If pain at night keeps you awake, for instance, your doctor can help you manage it. Sleep apnea is another problem than can ruin your sleep and can be treated (see box below). Restless legs syndrome (characterized by uncontrollable leg movements and a jumpy feeling at night) can interfere with sleep, too, and you may decide to try a prescription drug for it.
You’ll need to describe your problems: For example, you may fall asleep but then wake up for hours; you may not fall asleep at all; you may toss and turn and never feel rested; or perhaps you wake up too early in the morning.
Before you see your doctor, keep a sleep log for a week. Record the following:
- Time of retiring; periods of wakefulness; how many hours you think you actually slept; time of awakening.
- Napping habits.
- Factors disrupting your sleep (bed partner’s snoring, pets, children, pain, worry, and so on).
- Drugs you take; smoking; alcohol and caffeine consumption.

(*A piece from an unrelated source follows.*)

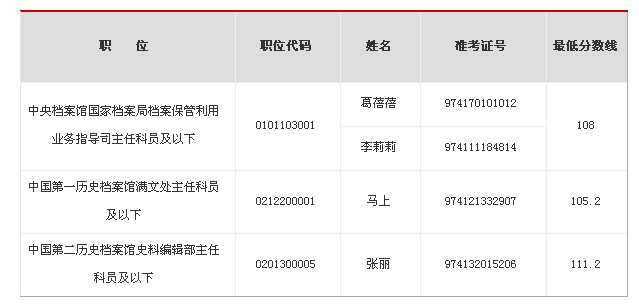 2013年國考面試遞補公告:中央檔案館國家檔案局

- Whether you feel rested in the morning.
You may also want to keep a log of your daily activities to help you pinpoint the cause of your insomnia.
Insomnia triggers you can control
The following steps can help many people with insomnia:
- Limit alcohol. It may make you sleepy initially, but alcohol produces unsettled sleep (it reduces REM sleep, the phase when you dream) and middle-of-the-night wake-ups. Don’t use alcohol to help you sleep or induce drowsiness. Drink moderately, if at all—no more than one drink a day for a woman, two for a man.

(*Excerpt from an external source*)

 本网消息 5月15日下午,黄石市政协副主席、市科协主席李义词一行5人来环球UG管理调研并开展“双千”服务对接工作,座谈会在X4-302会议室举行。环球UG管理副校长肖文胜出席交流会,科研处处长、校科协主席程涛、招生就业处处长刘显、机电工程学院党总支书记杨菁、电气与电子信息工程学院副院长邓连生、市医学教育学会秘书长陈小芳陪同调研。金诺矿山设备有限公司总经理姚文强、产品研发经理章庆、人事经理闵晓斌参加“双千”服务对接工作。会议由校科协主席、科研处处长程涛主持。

- Cut down on caffeine, especially in the late afternoon and evening.
- Don’t smoke. Nicotine keeps some people awake.
- Eliminate noise. Try earplugs or a “white noise” machine.

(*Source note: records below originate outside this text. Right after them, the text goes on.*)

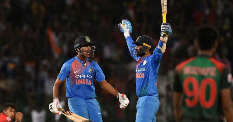 ദിനേശ് കാർത്തിക്കിന് ഉണ്ടായിരുന്ന ശാന്തത ആയിരുന്നെങ്കിൽ അപ്പുറത്ത് നിന്നിരുന്ന വിജയ് ശങ്കർ സമ്മർദ്ദത്തിന്റെ പരകോടിയിലായിരുന്നു. ആ സമ്മർദ്ദം ഇന്ത്യയെ അവസാന ഓവറിൽ തളർത്താൻ തുടങ്ങി. അതിനിടയിൽ വിജയ് ശങ്കർ പുറത്തായതോടെ അവസാന പന്തിൽ ഇന്ത്യയ്ക്ക് ജയിക്കാൻ വേണ്ടത് 5 റൺസ്. അതായത് ഒരു സിക്സർ അടിച്ചാൽ മാത്രം വിജയം, ഫോർ അടിച്ചാൽ കളി സൂപ്പർ ഓവറിലേക്ക്. ബംഗ്ലാദേശിനായി പന്തെറിയുന്നത് സൗമ്യ സർക്കാർ.
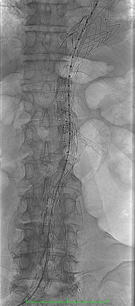 Notably, the successful completion of this complex repair required the integration of endovascular technologies from two different device platforms, combining the Artivion E-xtra Design Multi-branch (EDM) stent graft for visceral branch preservation and the Medtronic Valiant thoracic stent graft system for the staged thoracic repair—demonstrating the importance of cross-platform innovation and collaboration to achieve optimal patient outcomes.
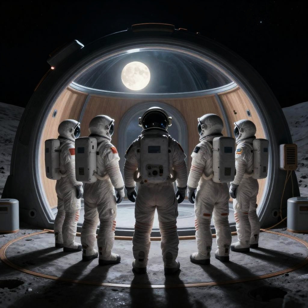 Space-themed interior with a person in a red spacesuit and helmet walking left, another person in a brown suit facing away, and a robotic figure with a helmet on the right. Background includes two large, circular machines with multiple buttons and panels. Overhead lights illuminate the scene.

- Make your bedroom sleep-friendly. Put up darker shades or make other changes to keep the room dark. A sleep mask can help. Your bed, linens, and pillows should feel comfortable. Replacing a lumpy, worn-out mattress can be helpful, but despite the ads, an expensive mattress will not necessarily banish insomnia. Most people sleep better in a cool (but not cold) room. Have an extra blanket in reach for those 3 a.m. wake-ups.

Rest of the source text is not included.